### WHAT IS EXPECTED
Pictures excluded, output the lines of the data below between the one holding "City Chic Women's" and the one holding "4. Złącze do", inclusive, exactly as they stand.

### ENTRIES SUPPLIED
-- Opening Marker --
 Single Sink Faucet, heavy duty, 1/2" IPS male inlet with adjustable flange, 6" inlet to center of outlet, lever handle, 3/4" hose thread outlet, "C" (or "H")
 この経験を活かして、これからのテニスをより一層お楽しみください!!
-- Closing Marker --
-- Opening Marker --
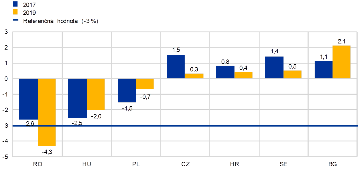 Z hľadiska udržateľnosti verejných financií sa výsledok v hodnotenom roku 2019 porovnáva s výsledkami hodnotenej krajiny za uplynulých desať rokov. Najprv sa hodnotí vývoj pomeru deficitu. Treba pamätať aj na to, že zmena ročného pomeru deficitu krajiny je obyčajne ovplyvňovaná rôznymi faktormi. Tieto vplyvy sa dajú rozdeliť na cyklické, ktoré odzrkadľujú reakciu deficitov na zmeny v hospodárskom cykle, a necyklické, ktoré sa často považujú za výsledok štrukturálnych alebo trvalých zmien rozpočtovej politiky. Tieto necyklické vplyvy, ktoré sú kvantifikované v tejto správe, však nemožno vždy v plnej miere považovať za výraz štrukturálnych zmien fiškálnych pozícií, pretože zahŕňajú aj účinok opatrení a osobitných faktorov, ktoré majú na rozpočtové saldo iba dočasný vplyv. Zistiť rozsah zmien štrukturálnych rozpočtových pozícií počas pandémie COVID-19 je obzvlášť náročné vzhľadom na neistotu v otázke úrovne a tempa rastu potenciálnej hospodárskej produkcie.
-- Closing Marker --
-- Opening Marker --
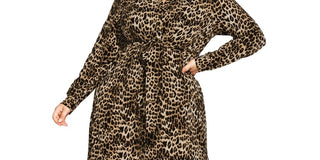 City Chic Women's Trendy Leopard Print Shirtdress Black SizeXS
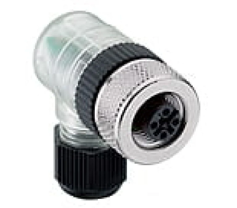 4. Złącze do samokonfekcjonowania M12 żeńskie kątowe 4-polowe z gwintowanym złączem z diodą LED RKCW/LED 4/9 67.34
-- Closing Marker --
### WORKED SOLUTION
 City Chic Women's Trendy Leopard Print Shirtdress Black SizeXS
 4. Złącze do samokonfekcjonowania M12 żeńskie kątowe 4-polowe z gwintowanym złączem z diodą LED RKCW/LED 4/9 67.34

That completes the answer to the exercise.